Wazuh detection engineering
Detecting SSH brute force against Windows eleven with Wazuh
Small home soc lab where Kali attacks a Windows eleven workstation over SSH and a custom AJT rule in Wazuh turns noisy failures into a clear alert for a new analyst.
Wazuh OVA, Windows eleven, Kali, VirtualBox NAT network
Detection rule design, event enrichment, threat hunting
Full pdf write up and a short lab walk through video below.
Overview
The goal of this lab was to design and implement a custom AJT rule in Wazuh that clearly calls out possible SSH brute force activity against a Windows eleven host. Instead of leaving the analyst to dig through raw event forty six twenty five entries, the rule wraps that noise into a single descriptive alert with fields that tell the story.
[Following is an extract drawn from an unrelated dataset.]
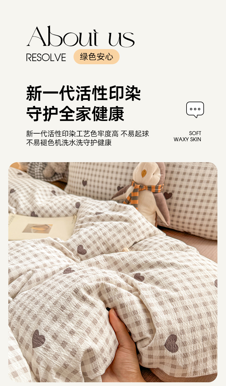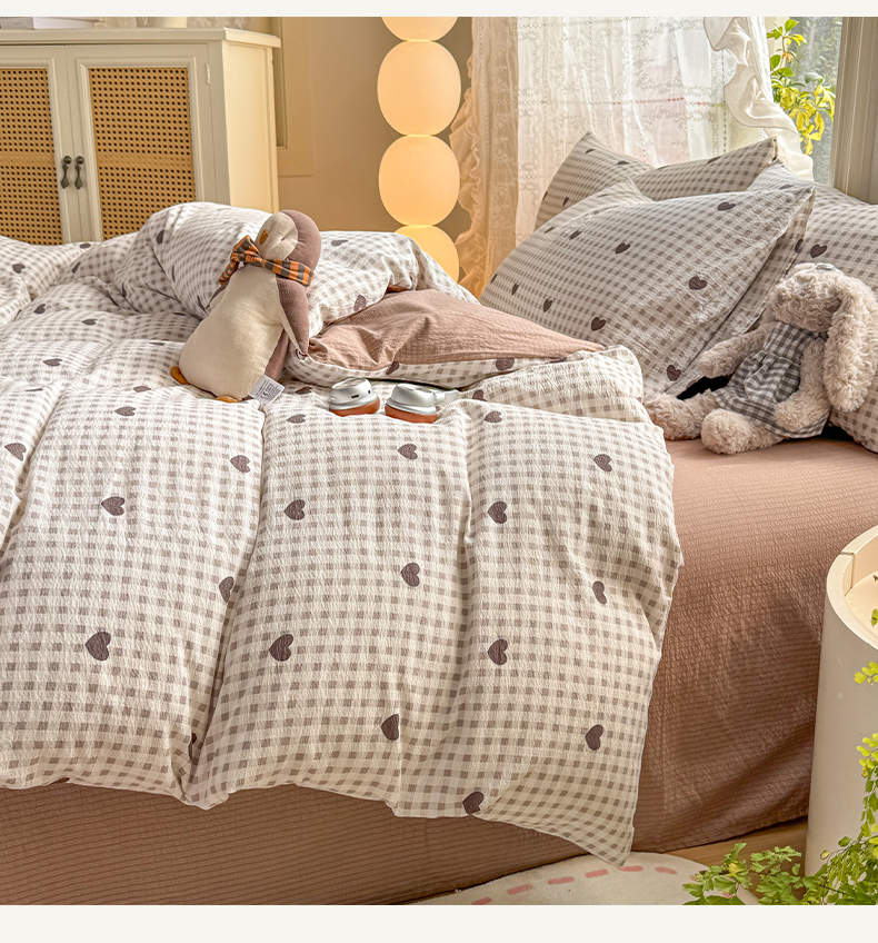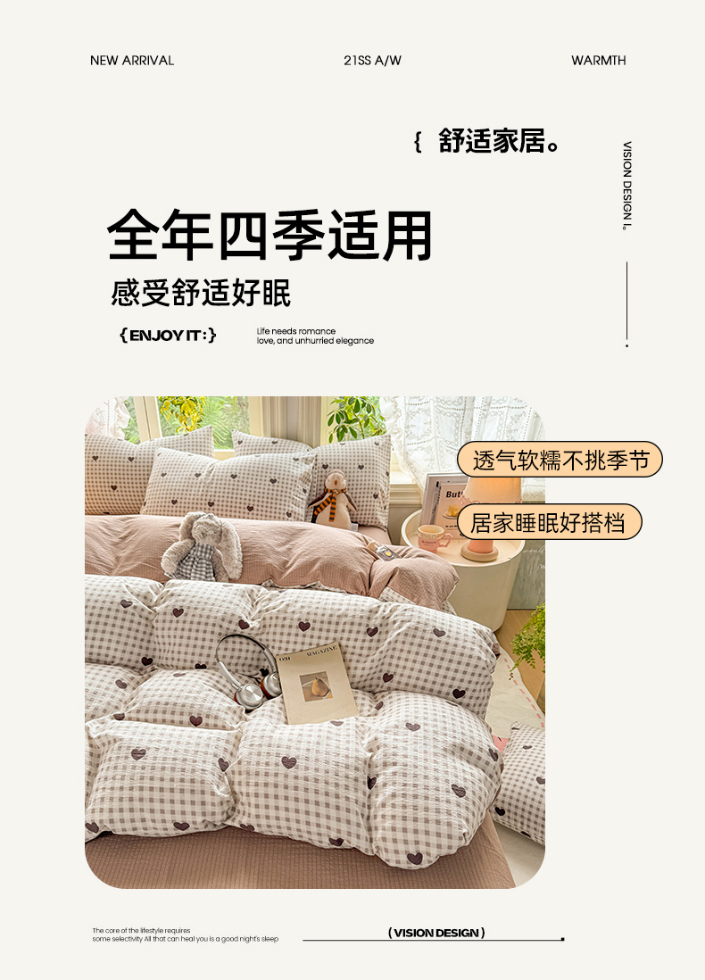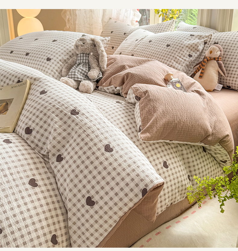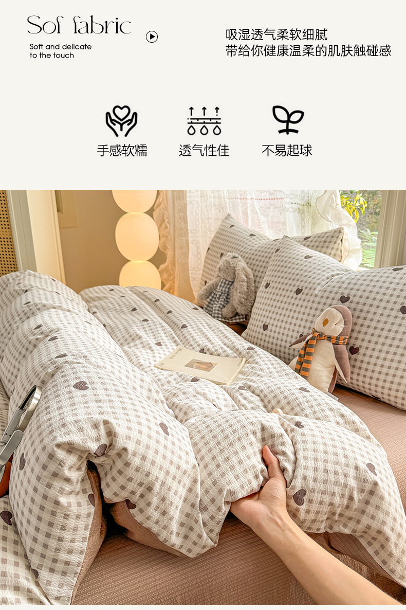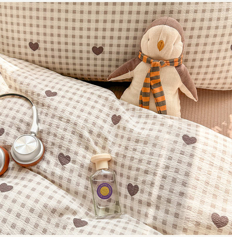 当前位置: 91家纺网 > 商品网购 > 床品套件 > 四件套 > 化纤普通四件套 > 丝芙妮家居 2026新款皱皱棉双层纱泡芙棉四件套 格纹爱心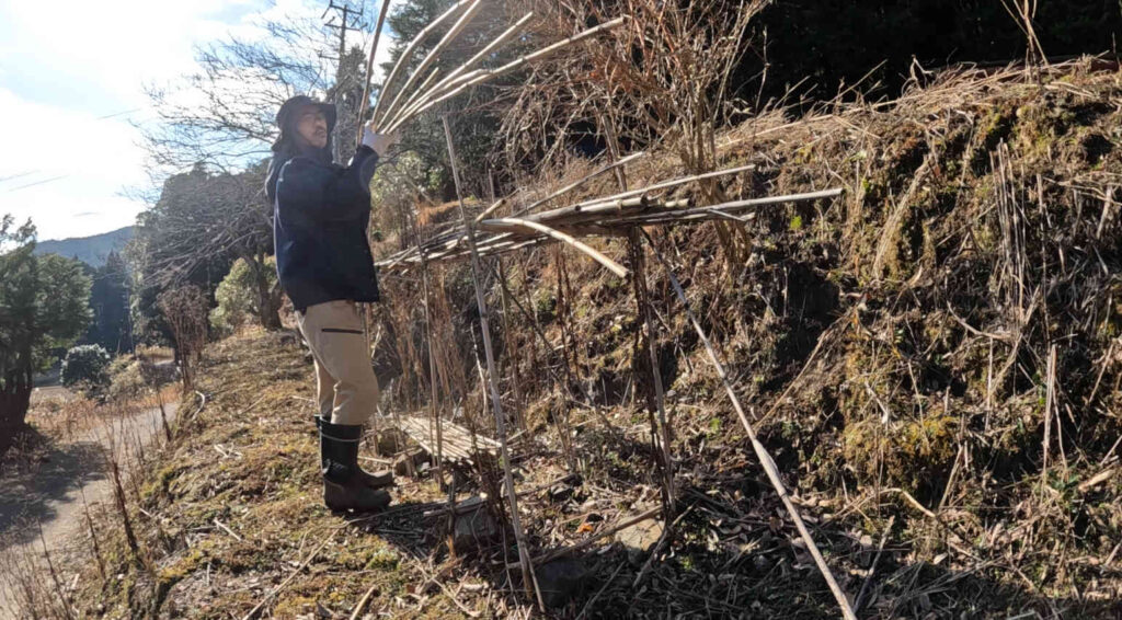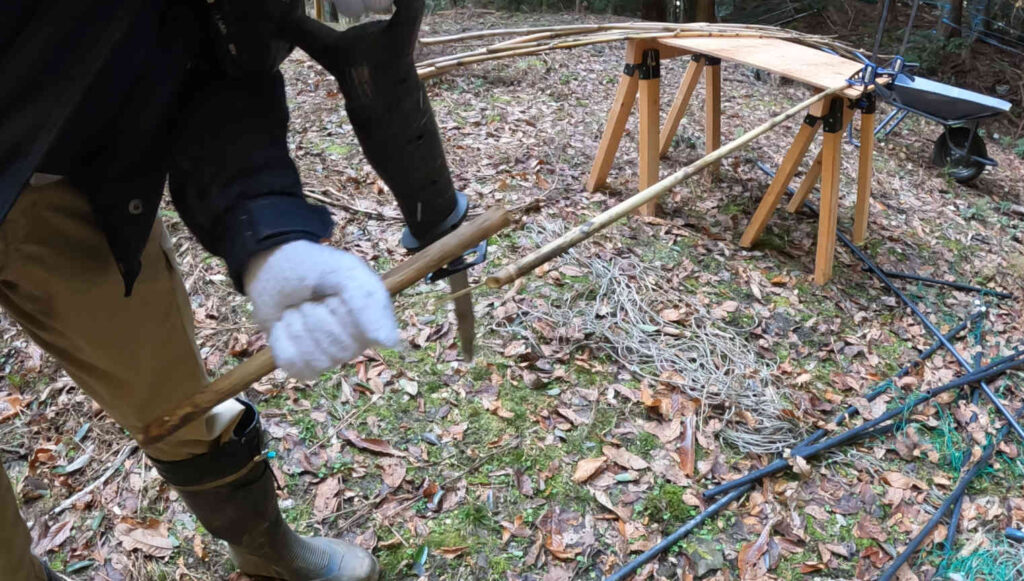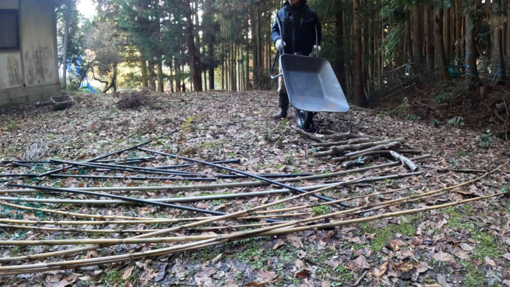 杭として使えるよう40~50㎝ぐらいに竹をカットし、資材の準備は完了です。

- Build a small three system environment with Wazuh manager, Windows workstation, and Kali attacker on the same NAT network.
- Generate repeated SSH failures from Kali into Windows using Hydra.
- Create a custom Wazuh rule that fires when the Windows event matches the pattern for this activity.
- Use the Threat Hunting view to confirm the detection and review the events like an analyst.
Lab topology and environment
The lab runs on a MacBook Pro host with Oracle VirtualBox using a NAT network named labnet. All virtual machines share the ten dot zero dot two dot zero slash twenty four address space with DHCP enabled, which keeps routing simple and the screenshots consistent.
| Role | System | Hostname | Address on labnet | Notes |
|---|---|---|---|---|
| SIEM | Wazuh OVA four point fourteen | wazuh server | ten dot zero dot two dot six | Manager, indexer, and dashboard |
| Endpoint | Windows eleven | Calibred1324 | ten dot zero dot two dot seven | OpenSSH server and Wazuh agent |
| Attacker | Kali Linux | kali | ten dot zero dot two dot five | SSH client with Hydra password tool |
Key steps in the lab
- Enable the built in OpenSSH server on Windows eleven and verify you can connect from Kali with a known account.
- Configure Wazuh so the Windows agent is registered and sending security events to the manager.
- From Kali, use Hydra against the Windows host to generate repeated SSH login failures for the target account.
- Author a custom Wazuh rule that watches for the Windows security event and tags it as an AJT lab alert with a higher level.
- Pivot into the Threat Hunting view and filter on the new rule id to see the series of events as an analyst would.
Short walk through video
This short video walks through the environment, the attack from Kali, and the custom rule firing inside Wazuh.
Lessons learned
This lab reinforced that good detection work starts with a clear picture of the environment. Locking in the network layout and address space made it easier to reason about every alert that came through Wazuh and to document the story afterward.
- A small lab with three clear roles can teach more than a large stack with no narrative.
- Windows SSH plus Hydra is a simple way to generate real signals for practice, without touching any live systems.
- Custom rules that speak the language of the analyst are easier to triage than generic ids and event codes.
This is one of the first entries in a growing library of AJT labs. Each case study is designed to show not only that an alert fired, but how the environment, the attack, and the detection all connect.